ERROR_ASSOCIATE(ERR::IO, "Error during IO", EIO);
ERROR_ASSOCIATE(ERR::IO_EOF, "Reading beyond end of file", -1);


//-----------------------------------------------------------------------------
// async I/O
//-----------------------------------------------------------------------------

struct PosixFileIo
{
    void* cb;   // aiocb
};
cassert(sizeof(PosixFileIo) <= FILE_IO_OPAQUE_SIZE);

// we don't do any caching or alignment here - this is just a thin AIO wrapper.
// rationale:
// - aligning the transfer isn't possible here since we have no control
//   over the buffer, i.e. we cannot read more data than requested.
//   instead, this is done in file_io.
// - transfer sizes here are arbitrary (viz. not block-aligned);
//   that means the cache would have to handle this or also split them up
//   into blocks, which is redundant (already done by file_io).
// - if caching here, we'd also have to handle "forwarding" (i.e.
//   desired block has been issued but isn't yet complete). again, it
//   is easier to let the synchronous file_io manager handle this.
// - finally, file_io knows more about whether the block should be cached
//   (e.g. whether another block request will follow), but we don't
//   currently make use of this.
//
// disadvantages:
// - streamed data will always be read from disk. no problem, because
//   such data (e.g. music, long speech) is unlikely to be used again soon.
// - prefetching (issuing the next few blocks from archive/file during
//   idle time to satisfy potential future IOs) requires extra buffers;
//   this is a bit more complicated than just using the cache as storage.

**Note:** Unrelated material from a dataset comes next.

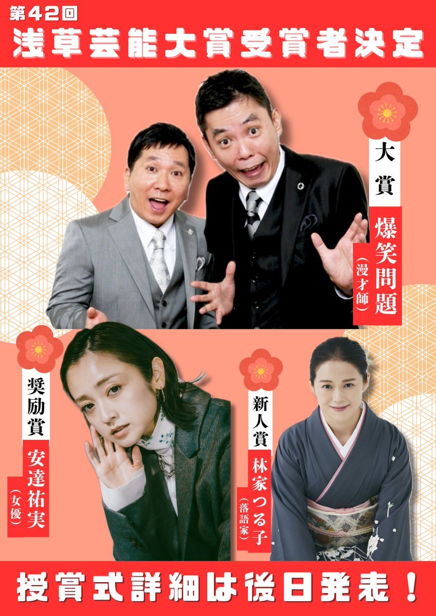 台東くん! 浅草の大衆芸能を盛り上げる #浅草芸能大賞 の第42回受賞者が決定したパゴッ🎉✨ 大賞は #爆笑問題 さん、奨励賞は #安達祐実 さん、新人賞は #林家つる子 さんパゴッ! 授賞式の観覧応募の詳細は12月20日頃に発表されるからチェックするパゴ~ッ! #浅草 taitogeibun.net/our_events/zai… pic.x.com/ZIqtMMASIF

// FileIO must reference an aiocb, which is used to pass IO params to the OS.
// unfortunately it is 144 bytes on Linux - too much to put in FileIO,
// since that is stored in a 'resource control block' (see h_mgr.h).
// we therefore allocate dynamically, but via suballocator to avoid
// hitting the heap on every IO.
class AiocbAllocator
{
    Pool pool;
public:
    void init()
    {
        (void)pool_create(&pool, 32*sizeof(aiocb), sizeof(aiocb));
    }
    void shutdown()
    {
        (void)pool_destroy(&pool);
    }
    aiocb* alloc()
    {
        return (aiocb*)pool_alloc(&pool, 0);
    }
    // weird name to avoid trouble with mem tracker macros
    // (renaming is less annoying than #include "lib/nommgr.h")
    void free_(void* cb)
    {
        pool_free(&pool, cb);
    }
};
static AiocbAllocator aiocb_allocator;


// starts transferring to/from the given buffer.
// no attempt is made at aligning or padding the transfer.
LibError file_io_issue(File* f, off_t ofs, size_t size, void* p, FileIo* io)
{
    debug_printf("FILE| issue ofs=0x%X size=0x%X\n", ofs, size);

    // zero output param in case we fail below.
    memset(io, 0, sizeof(FileIo));

    // check params
    CHECK_FILE(f);
    if(!size || !p || !io)
        WARN_RETURN(ERR::INVALID_PARAM);
    const bool is_write = (f->flags & FILE_WRITE) != 0;

    PosixFileIo* pio = (PosixFileIo*)io;

    // note: cutting off at EOF is necessary to avoid transfer errors,
    // but makes size no longer sector-aligned, which would force
    // waio to realign (slow). we want to pad back to sector boundaries
    // afterwards (to avoid realignment), but that is not possible here
    // since we have no control over the buffer (there might not be
    // enough room in it). hence, do cut-off in IOManager.
    //
    // example: 200-byte file. IOManager issues (large) blocks;
    // that ends up way beyond EOF, so ReadFile fails.
    // limiting size to 200 bytes works, but causes waio to pad the
    // transfer and use align buffer (slow).
    // rounding up to 512 bytes avoids realignment and does not fail
    // (apparently since NTFS files are sector-padded anyway?)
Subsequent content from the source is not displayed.